*Prompt*:
Word for word, give the data again without its pictures.
───── Source material ─────
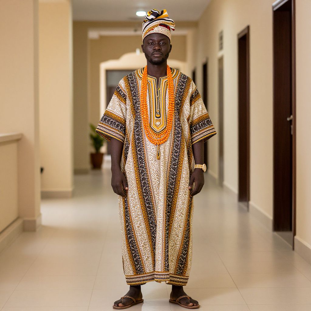 Photograph of a tall, dark-skinned African man standing in a brightly lit, beige corridor. He wears an elaborate, traditional, patterned robe in shades of white, black, and orange, adorned with intricate beadwork and a large, circular orange and black necklace. His head is covered with a matching headdress. He has a gold wristwatch and stands with a neutral expression. The corridor has white tiled floors and beige walls with dark brown doors on the right. The background is slightly blurred, featuring more doors and a potted plant. The overall style is traditional African attire.
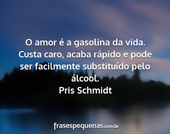 O amor é a gasolina da vida. Custa caro, acaba rápido e pode ser facilmente substituído pelo álcool.Pris Schmidt
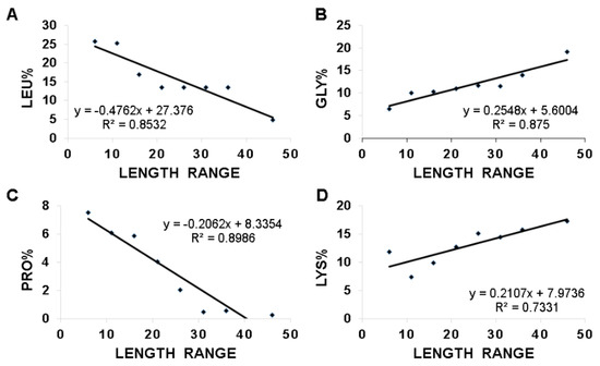 We then asked which amino acids are proportionally changed with peptide length, leading to the linear correlations in Figure 5. For this purpose, we also calculated the average amino acid contents for each amino acid in the different length groups at the same step size of 5. We scanned through the plots of the residue content versus peptide lengths for all the 20 amino acids. The top four amino acids that displayed a linear relationship are plotted in Figure 6. They are (A) leucine; (B) glycine; (C) proline; and (D) lysine, three of which are the frequently occurring amino acids of frog AMPs mentioned above. This is interesting considering leucine, glycine, and lysine are sufficient to design active peptides [39]. While both glycine and lysine are proportional to peptide length, leucine and proline are inversely proportional to peptide length. The correlation coefficients (R2) for these four plots are in the range of 0.73–0.90 (Figure 6), indicating a linear relationship. Moreover, phenylalanine shares a similar inverse relationship with leucine, although the correlation coefficient is 0.62 (not shown). The next amino acid with a correlation coefficient greater than 0.5 is cysteine. The rest of the amino acids are less correlated with R2 ranging from 0.009 to 0.45. It is likely that the decrease in proline in longer peptides is to retain the helical structure required for peptide function. We propose that these linear relationships uncovered herein in Figure 5 and Figure 6 might be utilized to design new linear peptides at different lengths. To illustrate this, we analyzed 62 dermaseptins (DRS), one family of amphibian peptides discovered mostly in South America [5]. These peptides were separated into three length groups (21–25, 26–30, 31–35 amino acids) and the features of each group are listed in Table 4. It is remarkable that there is a proportional increase of alanine, lysine, and net charge with peptide length, while leucine and glycine are inversely proportioned to peptide length in dermaseptins. These relationships are essentially the same as we found above based on all frog peptides. The only exception is glycine. This may result from the abundance of a small alanine, which can be regarded as an analog of glycine (Table 3). Indeed, many dermaseptins start with either the GLW or ALW sequence motif. W3 is a highly conserved aromatic residue in dermaseptins, facilitating peptide quantification by UV [5]. Our analysis here in Table 4 uncovers the design parameters of dermaseptins at various length groups, yielding novel insight into these amphibian peptides.
─────
*Output for this task*:
 Photograph of a tall, dark-skinned African man standing in a brightly lit, beige corridor. He wears an elaborate, traditional, patterned robe in shades of white, black, and orange, adorned with intricate beadwork and a large, circular orange and black necklace. His head is covered with a matching headdress. He has a gold wristwatch and stands with a neutral expression. The corridor has white tiled floors and beige walls with dark brown doors on the right. The background is slightly blurred, featuring more doors and a potted plant. The overall style is traditional African attire.
 O amor é a gasolina da vida. Custa caro, acaba rápido e pode ser facilmente substituído pelo álcool.Pris Schmidt
 We then asked which amino acids are proportionally changed with peptide length, leading to the linear correlations in Figure 5. For this purpose, we also calculated the average amino acid contents for each amino acid in the different length groups at the same step size of 5. We scanned through the plots of the residue content versus peptide lengths for all the 20 amino acids. The top four amino acids that displayed a linear relationship are plotted in Figure 6. They are (A) leucine; (B) glycine; (C) proline; and (D) lysine, three of which are the frequently occurring amino acids of frog AMPs mentioned above. This is interesting considering leucine, glycine, and lysine are sufficient to design active peptides [39]. While both glycine and lysine are proportional to peptide length, leucine and proline are inversely proportional to peptide length. The correlation coefficients (R2) for these four plots are in the range of 0.73–0.90 (Figure 6), indicating a linear relationship. Moreover, phenylalanine shares a similar inverse relationship with leucine, although the correlation coefficient is 0.62 (not shown). The next amino acid with a correlation coefficient greater than 0.5 is cysteine. The rest of the amino acids are less correlated with R2 ranging from 0.009 to 0.45. It is likely that the decrease in proline in longer peptides is to retain the helical structure required for peptide function. We propose that these linear relationships uncovered herein in Figure 5 and Figure 6 might be utilized to design new linear peptides at different lengths. To illustrate this, we analyzed 62 dermaseptins (DRS), one family of amphibian peptides discovered mostly in South America [5]. These peptides were separated into three length groups (21–25, 26–30, 31–35 amino acids) and the features of each group are listed in Table 4. It is remarkable that there is a proportional increase of alanine, lysine, and net charge with peptide length, while leucine and glycine are inversely proportioned to peptide length in dermaseptins. These relationships are essentially the same as we found above based on all frog peptides. The only exception is glycine. This may result from the abundance of a small alanine, which can be regarded as an analog of glycine (Table 3). Indeed, many dermaseptins start with either the GLW or ALW sequence motif. W3 is a highly conserved aromatic residue in dermaseptins, facilitating peptide quantification by UV [5]. Our analysis here in Table 4 uncovers the design parameters of dermaseptins at various length groups, yielding novel insight into these amphibian peptides.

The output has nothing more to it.